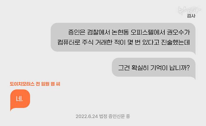 지난 6월 24일 열린 도이치모터스 주가조작 사건 재판에서, 도이치모터스의 CFO, 즉 최고재무책임자였던 염 모 씨의 증인 신문이 있었다. 검사는 염 씨에게 다음과 같이 물었다.
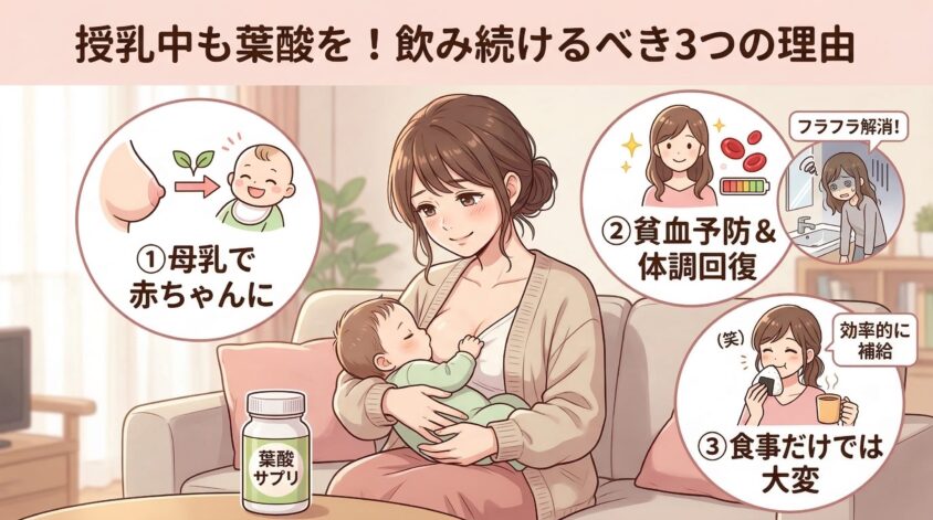 でもね、授乳中こそ葉酸が必要な時期なの。その理由を3つ、しっかり説明させてね。
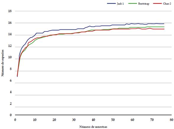 Analizamos 16438 individuos (7517 larvas y 8921 juveniles y adultos) que correspondieron a 15 especies pertenecientes a 6 géneros (Euphausia, Stylocheiron, Nematoscelis, Nematobrachion, Thysanopoda y Nyctiphanes). El esfuerzo de muestreo fue suficiente para representar adecuadamente la riqueza específica de los eufáusidos de la cuenca Pacífica colombiana (Figura 2).

- [Directions for this task] Copy nothing but the lines from the top of the material through the line holding "でもね、授乳中こそ葉酸が必要な時期なの。その理由を3つ、しっかり説明させてね。", exactly as written; omit pictures.

- [Completed task]
 지난 6월 24일 열린 도이치모터스 주가조작 사건 재판에서, 도이치모터스의 CFO, 즉 최고재무책임자였던 염 모 씨의 증인 신문이 있었다. 검사는 염 씨에게 다음과 같이 물었다.
 でもね、授乳中こそ葉酸が必要な時期なの。その理由を3つ、しっかり説明させてね。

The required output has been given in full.